• Your instructions: Reproduce only the lines of the material below that start at the line containing "Καρδίτσα Προβάδισμα Κουρέτα" and stop at the line containing "Keith Miller in". Keep both end lines.

• Record excerpts:
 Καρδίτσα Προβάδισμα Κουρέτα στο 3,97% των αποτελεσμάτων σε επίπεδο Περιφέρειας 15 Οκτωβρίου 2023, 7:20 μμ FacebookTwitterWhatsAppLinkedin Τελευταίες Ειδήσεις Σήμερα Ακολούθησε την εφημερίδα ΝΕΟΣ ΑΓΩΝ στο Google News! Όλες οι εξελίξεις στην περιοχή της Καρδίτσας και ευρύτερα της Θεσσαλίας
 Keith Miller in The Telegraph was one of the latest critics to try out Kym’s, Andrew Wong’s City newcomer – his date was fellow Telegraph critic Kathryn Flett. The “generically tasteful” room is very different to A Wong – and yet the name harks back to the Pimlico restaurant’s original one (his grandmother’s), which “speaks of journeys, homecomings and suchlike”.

==

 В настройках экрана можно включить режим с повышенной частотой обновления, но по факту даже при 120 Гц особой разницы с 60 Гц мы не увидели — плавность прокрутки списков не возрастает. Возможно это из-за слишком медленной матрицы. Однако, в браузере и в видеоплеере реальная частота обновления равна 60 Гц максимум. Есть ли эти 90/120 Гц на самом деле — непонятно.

* * *

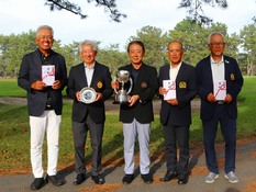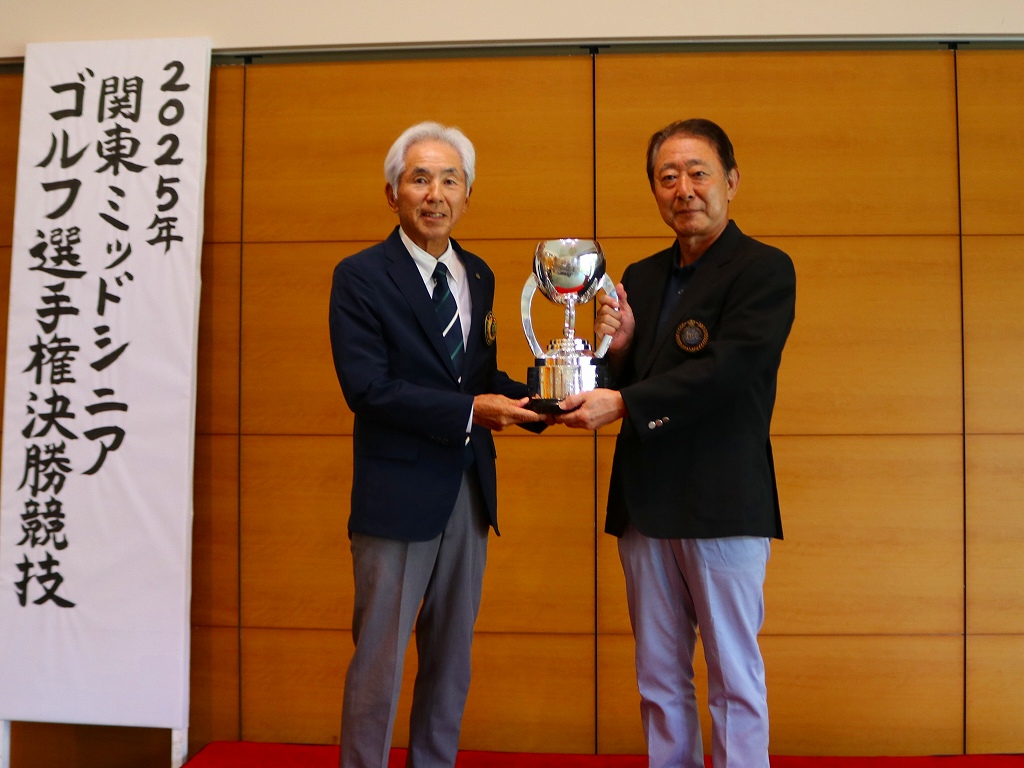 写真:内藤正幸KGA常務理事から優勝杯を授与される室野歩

• Written answer:
 Καρδίτσα Προβάδισμα Κουρέτα στο 3,97% των αποτελεσμάτων σε επίπεδο Περιφέρειας 15 Οκτωβρίου 2023, 7:20 μμ FacebookTwitterWhatsAppLinkedin Τελευταίες Ειδήσεις Σήμερα Ακολούθησε την εφημερίδα ΝΕΟΣ ΑΓΩΝ στο Google News! Όλες οι εξελίξεις στην περιοχή της Καρδίτσας και ευρύτερα της Θεσσαλίας
 Keith Miller in The Telegraph was one of the latest critics to try out Kym’s, Andrew Wong’s City newcomer – his date was fellow Telegraph critic Kathryn Flett. The “generically tasteful” room is very different to A Wong – and yet the name harks back to the Pimlico restaurant’s original one (his grandmother’s), which “speaks of journeys, homecomings and suchlike”.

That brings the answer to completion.